Since the autumn of 1943, under considerable pressure
from Stalin, the Allies had been planning a cross-channel
invasion of France from Britain. Under the direction of
U.S. General Dwight D. Eisenhower (1890 –1969), five
assault divisions landed on the Normandy beaches on
June 6, 1944, in history’s greatest naval invasion. An
initially indecisive German response enabled the Allied
forces to establish a beachhead. Within three months,
they had landed two million men and a half-million vehicles
that pushed inland and broke through the German
defensive lines.
After the breakout, Allied troops moved south and
east, liberating Paris by the end of August. By March
1945, they had crossed the Rhine and advanced farther
into Germany. In late April, they finally linked up with
Soviet units at the Elbe River. The Soviets had come a
long way since the Battle of Stalingrad in 1943. In the
summer of 1943, Hitler gambled on taking the offensive
by making use of newly developed “Tiger” tanks. At the
Battle of Kursk ( July 5–12), the greatest tank battle of
World War II, the Soviets soundly defeated the German
forces. Soviet forces now supplied with their own “T-34”
heavy tanks, began a relentless advance westward. The
Soviets reoccupied the Ukraine by the end of 1943, lifted
the siege of Leningrad, and moved into the Baltic states
by the beginning of 1944. Advancing along a northern
front, Soviet troops occupied Warsaw in January 1945
and entered Berlin in April. Meanwhile, Soviet troops
along a southern front swept through Hungary, Romania,
and Bulgaria.
In January 1945, Hitler moved into a bunker 55 feet
under Berlin to direct the final stages of the war. He committed
suicide on April 30, two days after Mussolini was
shot by partisan Italian forces. On May 7, German commanders
surrendered. The war in Europe was over.
The war in Asia continued, although with a significant
change in approach. Allied war planners had initially
hoped to focus their main effort on an advance through
China with the aid of Chinese Nationalist forces trained
and equipped by the United States. But Roosevelt became
disappointed with Chiang Kai-shek’s failure to take
the offensive against Japanese forces in China and eventually
approved a new strategy to strike toward the Japanese
home islands directly across the Pacific. This islandhopping
approach took an increasing toll on enemy
resources, especially at sea and in the air.

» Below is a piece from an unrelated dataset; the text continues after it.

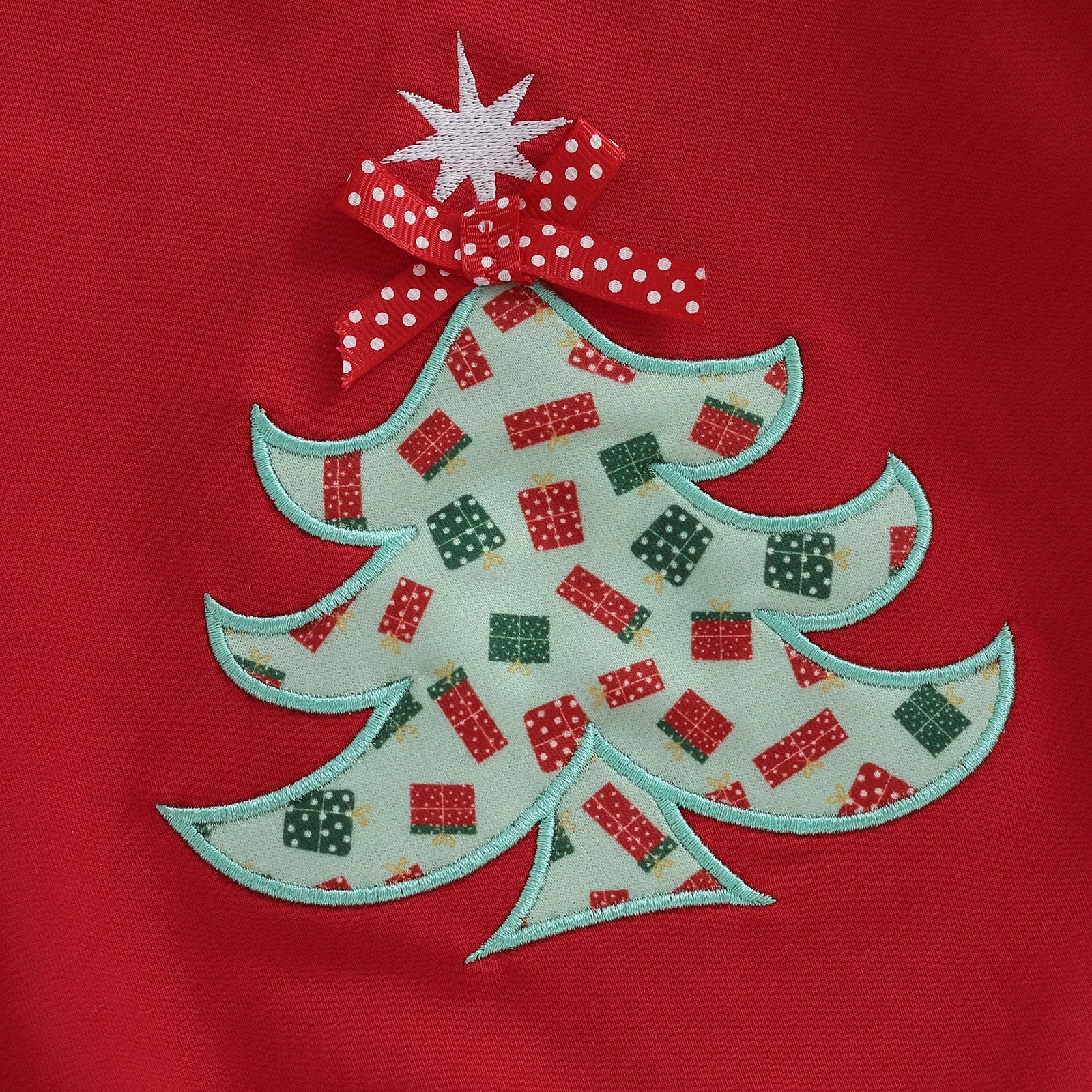 Baby Toddler Girl 2Pcs Christmas Outfit Tree Embroidery Long Sleeve Round Neck Pullover Top Stripe Flare Pants Set

As Allied forces drew inexorably closer to the main
Japanese islands in the summer of 1945, President Harry
Truman, who had succeeded to the presidency on the
death of Franklin Roosevelt in April, had an excruciatingly
difficult decision to make. Should he use atomic
weapons (at the time, only two bombs were available, and
their effectiveness had not been demonstrated) to bring
the war to an end without the necessity of an Allied invasion
of the Japanese homeland? The invasion of the
island of Okinawa in April had resulted in thousands of
casualties on both sides, with many Japanese troops committing
suicide rather than surrendering to enemy forces.
After an intensive debate, Truman approved use of
America’s new superweapon. The first bomb was dropped
on the city of Hiroshima on August 6. Truman then
called on Japan to surrender or expect a “rain of ruin from
the air.” When the Japanese did not respond, a second
bomb was dropped on Nagasaki. Japan surrendered unconditionally
on August 14. World War II, in which seventeen
million combatants died in battle and perhaps
eighteen million civilians perished as well (some estimate
total losses at fifty million), was finally over.